» Action item: Write out, word for word, the first line of the data below and every line after it through the one containing "重庆市第八中学2025届高三上学期1月综合能力测试(期末) 历史.docx".

» Material provided:
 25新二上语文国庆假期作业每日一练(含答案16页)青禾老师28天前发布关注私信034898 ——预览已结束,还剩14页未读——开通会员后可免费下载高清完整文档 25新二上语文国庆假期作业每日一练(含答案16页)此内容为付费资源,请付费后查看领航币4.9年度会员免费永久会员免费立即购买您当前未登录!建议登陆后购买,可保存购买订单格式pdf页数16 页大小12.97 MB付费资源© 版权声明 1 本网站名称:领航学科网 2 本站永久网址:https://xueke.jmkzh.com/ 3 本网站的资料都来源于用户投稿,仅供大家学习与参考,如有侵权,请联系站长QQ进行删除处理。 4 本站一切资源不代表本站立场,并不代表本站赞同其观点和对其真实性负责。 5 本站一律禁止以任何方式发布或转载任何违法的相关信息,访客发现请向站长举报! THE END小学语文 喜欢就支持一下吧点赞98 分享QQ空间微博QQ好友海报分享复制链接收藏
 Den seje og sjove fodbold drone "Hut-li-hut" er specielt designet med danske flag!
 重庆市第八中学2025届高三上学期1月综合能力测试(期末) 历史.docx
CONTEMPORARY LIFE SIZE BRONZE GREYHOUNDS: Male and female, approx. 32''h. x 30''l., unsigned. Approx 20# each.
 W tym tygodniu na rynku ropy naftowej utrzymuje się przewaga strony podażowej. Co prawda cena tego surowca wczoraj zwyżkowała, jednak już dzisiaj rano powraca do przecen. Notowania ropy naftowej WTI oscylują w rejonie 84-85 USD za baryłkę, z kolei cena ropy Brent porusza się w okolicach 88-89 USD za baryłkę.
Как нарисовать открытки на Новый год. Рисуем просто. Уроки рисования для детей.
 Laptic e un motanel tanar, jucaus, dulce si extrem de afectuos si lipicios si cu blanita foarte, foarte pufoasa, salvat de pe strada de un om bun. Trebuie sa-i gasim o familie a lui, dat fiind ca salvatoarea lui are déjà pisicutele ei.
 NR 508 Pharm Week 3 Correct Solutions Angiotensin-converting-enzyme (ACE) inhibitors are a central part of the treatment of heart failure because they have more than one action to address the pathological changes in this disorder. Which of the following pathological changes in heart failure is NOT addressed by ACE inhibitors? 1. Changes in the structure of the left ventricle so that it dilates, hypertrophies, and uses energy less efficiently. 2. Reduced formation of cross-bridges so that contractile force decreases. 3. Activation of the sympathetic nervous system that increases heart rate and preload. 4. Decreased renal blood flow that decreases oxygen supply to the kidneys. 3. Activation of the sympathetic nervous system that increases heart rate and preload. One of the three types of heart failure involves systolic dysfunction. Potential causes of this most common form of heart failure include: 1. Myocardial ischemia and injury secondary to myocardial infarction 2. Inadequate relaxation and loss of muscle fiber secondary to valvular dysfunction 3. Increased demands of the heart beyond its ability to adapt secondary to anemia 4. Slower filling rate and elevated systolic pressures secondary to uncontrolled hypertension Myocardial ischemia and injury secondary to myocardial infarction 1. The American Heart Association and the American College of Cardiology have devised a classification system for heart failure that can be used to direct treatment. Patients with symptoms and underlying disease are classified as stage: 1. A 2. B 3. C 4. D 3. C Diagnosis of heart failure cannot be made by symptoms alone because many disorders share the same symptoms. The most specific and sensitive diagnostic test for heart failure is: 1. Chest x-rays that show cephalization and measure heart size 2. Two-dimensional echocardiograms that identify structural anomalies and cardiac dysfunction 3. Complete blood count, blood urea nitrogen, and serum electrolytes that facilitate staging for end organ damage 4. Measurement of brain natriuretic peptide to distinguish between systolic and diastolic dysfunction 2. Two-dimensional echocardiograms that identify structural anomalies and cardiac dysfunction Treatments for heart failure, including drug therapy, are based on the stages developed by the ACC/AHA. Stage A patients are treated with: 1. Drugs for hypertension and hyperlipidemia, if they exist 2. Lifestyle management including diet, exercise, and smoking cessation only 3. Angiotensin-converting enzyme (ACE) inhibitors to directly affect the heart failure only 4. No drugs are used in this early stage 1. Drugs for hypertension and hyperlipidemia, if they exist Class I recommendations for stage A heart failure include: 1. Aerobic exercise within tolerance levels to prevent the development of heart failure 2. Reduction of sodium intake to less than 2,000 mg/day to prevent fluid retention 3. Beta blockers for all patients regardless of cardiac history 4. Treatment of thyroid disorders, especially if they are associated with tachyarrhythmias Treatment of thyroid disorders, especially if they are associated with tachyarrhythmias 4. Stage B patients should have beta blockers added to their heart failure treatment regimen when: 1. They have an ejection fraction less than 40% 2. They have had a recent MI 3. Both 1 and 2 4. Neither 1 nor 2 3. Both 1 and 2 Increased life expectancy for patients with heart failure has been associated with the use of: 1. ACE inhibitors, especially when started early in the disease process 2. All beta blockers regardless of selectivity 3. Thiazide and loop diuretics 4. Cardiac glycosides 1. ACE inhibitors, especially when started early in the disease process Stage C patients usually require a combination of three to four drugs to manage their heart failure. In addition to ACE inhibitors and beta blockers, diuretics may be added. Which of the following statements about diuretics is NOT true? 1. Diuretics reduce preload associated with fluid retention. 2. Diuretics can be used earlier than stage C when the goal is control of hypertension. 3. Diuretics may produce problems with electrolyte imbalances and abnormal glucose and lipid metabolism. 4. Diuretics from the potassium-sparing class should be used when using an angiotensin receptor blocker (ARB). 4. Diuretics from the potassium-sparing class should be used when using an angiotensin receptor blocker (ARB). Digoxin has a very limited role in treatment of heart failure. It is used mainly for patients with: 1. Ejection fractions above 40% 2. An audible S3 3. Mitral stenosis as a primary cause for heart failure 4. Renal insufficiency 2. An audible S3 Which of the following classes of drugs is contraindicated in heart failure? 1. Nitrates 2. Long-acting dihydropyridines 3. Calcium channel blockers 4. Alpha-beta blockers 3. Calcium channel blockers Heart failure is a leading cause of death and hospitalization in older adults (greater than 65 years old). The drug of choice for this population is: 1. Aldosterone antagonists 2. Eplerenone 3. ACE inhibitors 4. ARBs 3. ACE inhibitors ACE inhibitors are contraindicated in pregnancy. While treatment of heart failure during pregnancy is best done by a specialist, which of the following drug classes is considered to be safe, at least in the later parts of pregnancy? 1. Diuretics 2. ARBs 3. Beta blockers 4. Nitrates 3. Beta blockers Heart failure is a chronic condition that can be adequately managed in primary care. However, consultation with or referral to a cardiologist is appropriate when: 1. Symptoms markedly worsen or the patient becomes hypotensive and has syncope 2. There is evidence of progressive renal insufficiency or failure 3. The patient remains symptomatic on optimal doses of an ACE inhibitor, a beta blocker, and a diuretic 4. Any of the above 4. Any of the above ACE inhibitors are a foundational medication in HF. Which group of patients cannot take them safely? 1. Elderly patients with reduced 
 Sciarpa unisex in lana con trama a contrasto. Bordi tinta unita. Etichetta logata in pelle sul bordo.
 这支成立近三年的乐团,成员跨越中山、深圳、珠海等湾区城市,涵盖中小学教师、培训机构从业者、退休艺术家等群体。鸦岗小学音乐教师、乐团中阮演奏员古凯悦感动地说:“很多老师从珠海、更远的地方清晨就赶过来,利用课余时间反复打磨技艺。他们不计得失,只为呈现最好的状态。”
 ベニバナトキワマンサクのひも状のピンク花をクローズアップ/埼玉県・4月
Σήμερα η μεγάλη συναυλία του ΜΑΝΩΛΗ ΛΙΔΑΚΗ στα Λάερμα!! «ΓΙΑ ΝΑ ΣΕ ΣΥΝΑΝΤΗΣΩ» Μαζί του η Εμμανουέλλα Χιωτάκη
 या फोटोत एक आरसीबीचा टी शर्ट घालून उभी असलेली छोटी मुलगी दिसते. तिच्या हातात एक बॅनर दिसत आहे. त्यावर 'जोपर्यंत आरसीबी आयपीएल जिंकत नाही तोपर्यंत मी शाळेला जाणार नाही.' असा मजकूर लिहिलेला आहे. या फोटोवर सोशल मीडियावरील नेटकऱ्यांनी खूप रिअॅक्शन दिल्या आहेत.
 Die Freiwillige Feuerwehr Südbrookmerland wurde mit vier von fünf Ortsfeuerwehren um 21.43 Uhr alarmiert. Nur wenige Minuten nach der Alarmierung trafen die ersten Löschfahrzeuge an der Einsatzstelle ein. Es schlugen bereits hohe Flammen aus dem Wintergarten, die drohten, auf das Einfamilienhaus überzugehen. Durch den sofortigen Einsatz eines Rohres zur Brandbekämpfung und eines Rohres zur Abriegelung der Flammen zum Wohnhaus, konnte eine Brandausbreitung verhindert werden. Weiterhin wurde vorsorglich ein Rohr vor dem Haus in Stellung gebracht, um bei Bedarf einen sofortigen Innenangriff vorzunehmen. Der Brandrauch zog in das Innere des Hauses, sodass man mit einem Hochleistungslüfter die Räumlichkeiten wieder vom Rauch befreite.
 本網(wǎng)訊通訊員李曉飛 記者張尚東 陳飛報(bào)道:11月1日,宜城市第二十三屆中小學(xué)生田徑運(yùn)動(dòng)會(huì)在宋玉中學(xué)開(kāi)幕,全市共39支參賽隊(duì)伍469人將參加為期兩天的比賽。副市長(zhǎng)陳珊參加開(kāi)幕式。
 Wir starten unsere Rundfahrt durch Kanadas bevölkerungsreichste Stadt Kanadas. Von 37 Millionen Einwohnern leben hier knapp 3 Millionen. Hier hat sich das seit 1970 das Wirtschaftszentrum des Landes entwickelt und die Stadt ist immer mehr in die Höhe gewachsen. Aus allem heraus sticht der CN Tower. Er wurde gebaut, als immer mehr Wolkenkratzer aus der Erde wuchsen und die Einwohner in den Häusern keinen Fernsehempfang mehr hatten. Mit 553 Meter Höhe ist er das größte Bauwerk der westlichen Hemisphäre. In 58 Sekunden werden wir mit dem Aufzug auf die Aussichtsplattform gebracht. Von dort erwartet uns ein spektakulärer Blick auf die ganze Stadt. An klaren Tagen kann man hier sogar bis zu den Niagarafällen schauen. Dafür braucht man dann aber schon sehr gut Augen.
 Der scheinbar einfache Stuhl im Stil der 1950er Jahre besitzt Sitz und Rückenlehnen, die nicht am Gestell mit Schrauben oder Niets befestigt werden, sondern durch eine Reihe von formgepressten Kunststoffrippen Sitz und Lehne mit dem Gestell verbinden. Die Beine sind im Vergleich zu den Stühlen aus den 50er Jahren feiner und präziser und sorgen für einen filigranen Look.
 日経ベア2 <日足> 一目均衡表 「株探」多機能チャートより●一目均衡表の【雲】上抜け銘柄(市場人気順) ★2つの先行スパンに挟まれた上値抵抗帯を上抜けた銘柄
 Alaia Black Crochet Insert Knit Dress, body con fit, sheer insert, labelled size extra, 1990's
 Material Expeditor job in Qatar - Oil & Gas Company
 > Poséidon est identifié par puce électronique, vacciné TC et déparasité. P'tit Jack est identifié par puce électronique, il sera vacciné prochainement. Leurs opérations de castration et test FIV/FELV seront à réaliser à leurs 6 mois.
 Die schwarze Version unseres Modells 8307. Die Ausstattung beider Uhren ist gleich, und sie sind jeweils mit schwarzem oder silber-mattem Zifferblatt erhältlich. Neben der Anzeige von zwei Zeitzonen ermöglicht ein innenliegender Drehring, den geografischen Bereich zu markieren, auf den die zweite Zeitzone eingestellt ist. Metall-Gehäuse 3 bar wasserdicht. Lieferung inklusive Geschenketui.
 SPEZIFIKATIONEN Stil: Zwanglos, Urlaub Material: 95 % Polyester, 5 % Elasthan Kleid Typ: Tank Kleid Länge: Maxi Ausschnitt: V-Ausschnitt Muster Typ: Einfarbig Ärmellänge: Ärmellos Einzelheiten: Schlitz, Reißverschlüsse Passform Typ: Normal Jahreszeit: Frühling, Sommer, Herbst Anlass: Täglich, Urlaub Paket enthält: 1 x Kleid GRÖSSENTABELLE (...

» Exercise response:
 25新二上语文国庆假期作业每日一练(含答案16页)青禾老师28天前发布关注私信034898 ——预览已结束,还剩14页未读——开通会员后可免费下载高清完整文档 25新二上语文国庆假期作业每日一练(含答案16页)此内容为付费资源,请付费后查看领航币4.9年度会员免费永久会员免费立即购买您当前未登录!建议登陆后购买,可保存购买订单格式pdf页数16 页大小12.97 MB付费资源© 版权声明 1 本网站名称:领航学科网 2 本站永久网址:https://xueke.jmkzh.com/ 3 本网站的资料都来源于用户投稿,仅供大家学习与参考,如有侵权,请联系站长QQ进行删除处理。 4 本站一切资源不代表本站立场,并不代表本站赞同其观点和对其真实性负责。 5 本站一律禁止以任何方式发布或转载任何违法的相关信息,访客发现请向站长举报! THE END小学语文 喜欢就支持一下吧点赞98 分享QQ空间微博QQ好友海报分享复制链接收藏
 Den seje og sjove fodbold drone "Hut-li-hut" er specielt designet med danske flag!
 重庆市第八中学2025届高三上学期1月综合能力测试(期末) 历史.docx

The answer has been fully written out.